The molecular mechanisms of group III PH remain unclear and controversial. Nonetheless, several common pathways of pathogenesis have been suggested over the decades. Initially, increased contraction of the pulmonary artery is observed, which is due to alteration of potassium and calcium channel flux due to changes in the redox status of vascular smooth muscle cells (Dunham-Snary et al., 2017). Following changes in redox balance, reduced bioactivity of nitric oxide (NO) is apparent (Bailey et al., 2010), followed by release of various vasoconstrictors (Kourembanas et al., 1991) and increases in the sensitivity of myofilament calcium (Weigand et al., 2011). Subsequently, hypoxia-inducible factors (HIFs) are activated, which mediate vessel tissue cell proliferation, migration, phenotype transition and further promotes vasoconstriction of vessels by increasing the release of vasoconstrictors and decreasing the release of vasodilators (Young et al., 2019). In addition, activation of HIF triggers inflammation of the lungs leading to lung edema and aggregation of lung tissue, ultimately resulting in hypoxia (Eltzschig and Carmeliet, 2011). To the best of our knowledge several approaches have been implemented to manage symptoms of patients presenting with Group III PH such as use of vasodilators, HIFs, and targeted drug therapy for inhibiting inflammatory signaling pathway and increasing lung ventilation. However, despite the range of treatments used on patients, 3 year survival remains as low as 33% for patients with mean pulmonary artery pressures >40 mmHg (Strange et al., 2012; Hurdman et al., 2013; Gall et al., 2017).
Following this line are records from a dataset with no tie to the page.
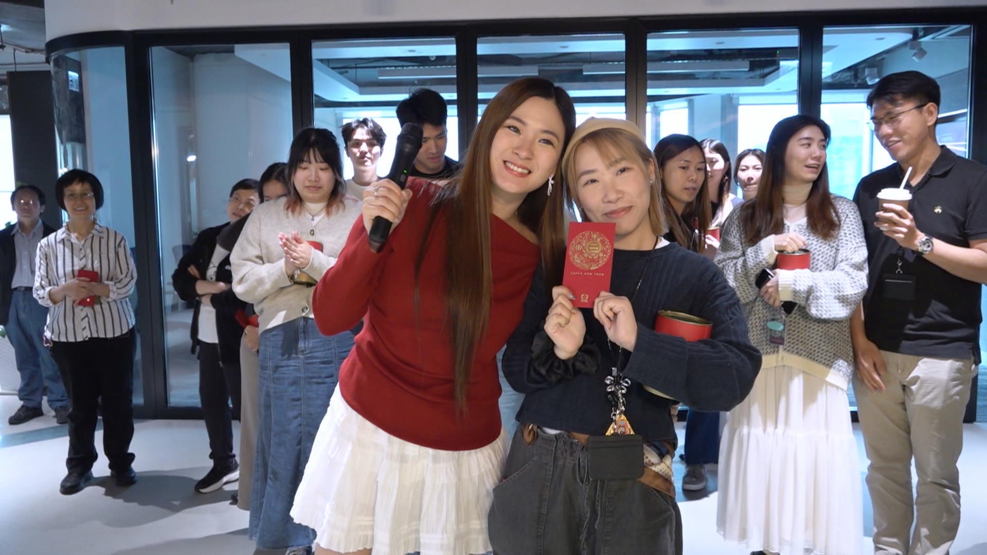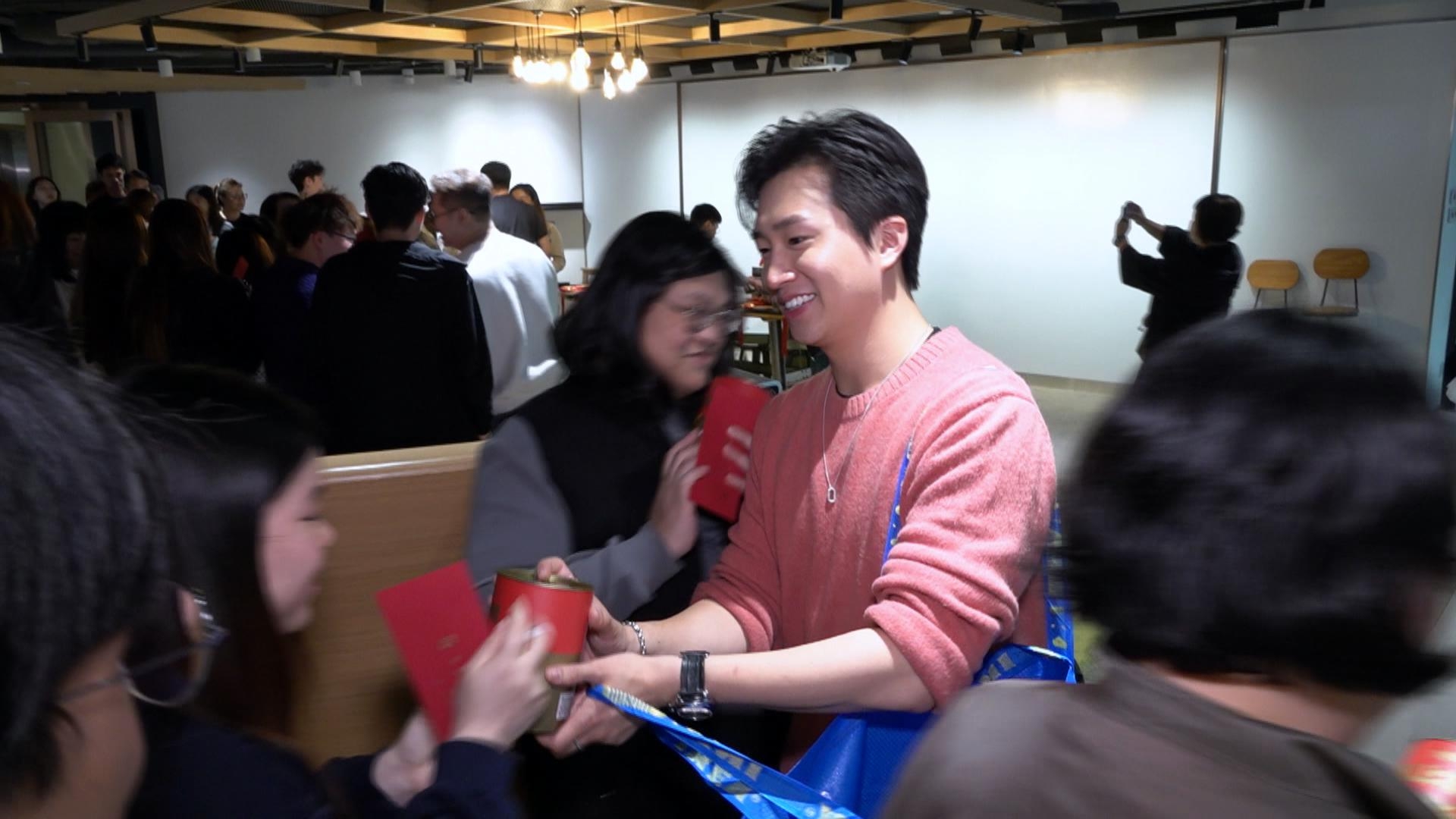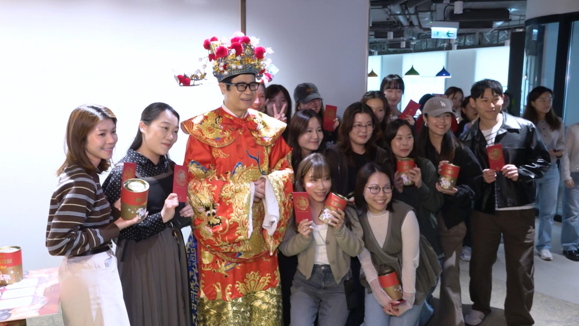 大王一身財神打扮成為最受歡迎吉祥物,眾多人排隊搵佢集郵,但大王就好謙虛熱捧GM做接班人,大讚佢同女友Sophie好受客戶歡迎,一輪咀送上稱讚,最初GM嘗試同大王互笠高帽,最終口才不敵前輩,場面搞笑,隨後大王又率領佢哋向TVB娛樂新聞台送上祝福。![]()
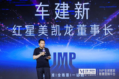 為發(fā)布史無前例賦能行業(yè)的IMP全球家居智慧營銷平臺(tái),紅星美凱龍董事長車建新史無前例地沒有穿著他經(jīng)典的千鳥格襯衣,而是換上了IMP平臺(tái)的專屬T恤。
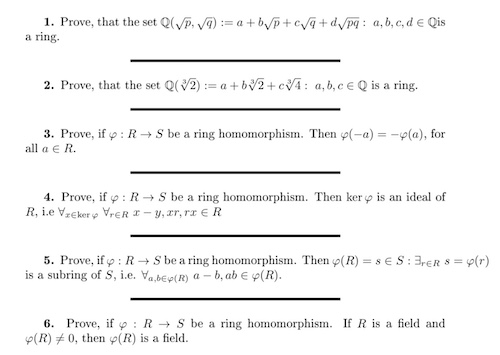 kubano postów: 1 | 2020-12-21 16:38:54Witam, mam problem z rozwiązaniem zadań ze zdjęcia. Nie wiem jak mam je udowodnić aby to miało sens. Chodzi o pierścienie w algebrze. Jeśli ktoś byłby w stanie mnie naprowadzić jak je powinienem rozwiązać to byłbym bardzo wdzięczny. Z góry dziękuje. ![]() |
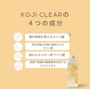 KOJICLEARには、粘膜保護や免疫力を正常に維持するといわれているビタミンB群が含まれていたり、健康促進、美容促進の効果が期待されるクエン酸も含まれています。
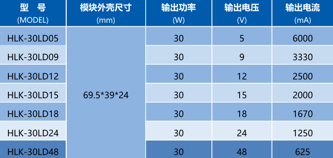 参考资料:海凌科30W(LD)系列电源模块规格书
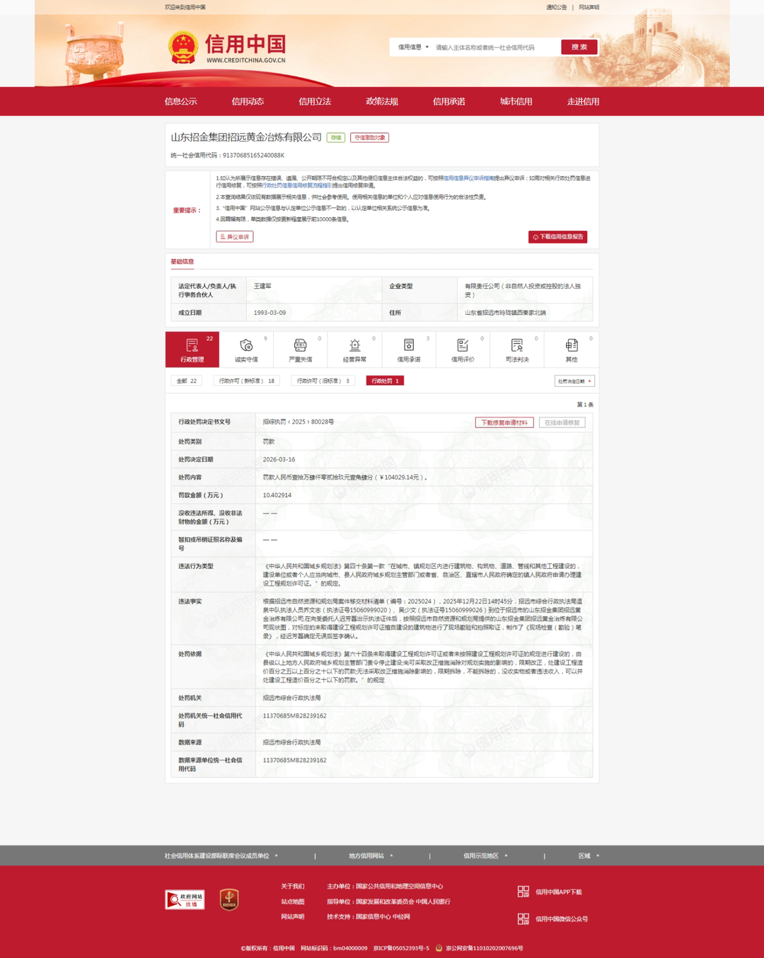 凤凰网山东(报料微博@凤凰网山东)日前从信用中国行政处罚栏获悉,3月16日,山东招金集团旗下的山东招金集团招远黄金冶炼有限公司(下称“山东招金黄金冶炼公司”)因未取得建设工程规划许可证擅自建设,被招远市综合行政执法局处以104029.14元罚款。

Sodium tanshinone II sulfonate A (STS) is one of the major active constituents of Salvia miltiorrhiza Bunge. STS has been widely used in China for clinical treatment of patients presenting with various microcirculatory disturbance-related diseases (Gao et al., 2012; Li et al., 2018). Recent studies have demonstrated that STS can inhibit proliferation of pulmonary smooth muscle cells and stimulates expression of Kv2.1 (Huang et al., 2009). Treatment with STS inhibits expression of canonical transient receptor pulmonary arterial smooth muscle cells derived from a rat model of pulmonary hypertension (Wang et al., 2013a). In addition, STS inhibits hypoxia-induced enhancement of store-operated calcium entry (SOCE) in pulmonary arterial smooth muscle cells via activation of the PKG-PPAR-γ signaling axis (Jiang et al., 2016). Moreover, a clinical trial monitoring the efficacy of STS for treatment of PH patients demonstrated its therapeutic effects (Wang et al., 2013b). Although there is evidence demonstrating beneficial effects of STS for treatment of class III PH, detailed mechanisms of its therapeutic effects remain little understood. Therefore, in the current study we used a rat model of hypoxia induced PH and observed pathological and biochemical responses following treatment with STS.

Materials and Methods

Animal Model

Ten-week-old male Sprague-Dawley rats were purchased from Shanghai Laboratory Animal Center (Shanghai, China). Rats were housed in optimal conditions with standard hygiene. Temperature was maintained at 25°C with a 12/12 light/dark cycle. Rats were fed standard rat chow and water ad libitum. Experiments were performed in accordance with the National Institutes of Health Guidelines for the Use of Laboratory Animals (NIH, publication number 85-23, revised 1996.), and performed according to guidelines for the care and use of animals established by Soochow University.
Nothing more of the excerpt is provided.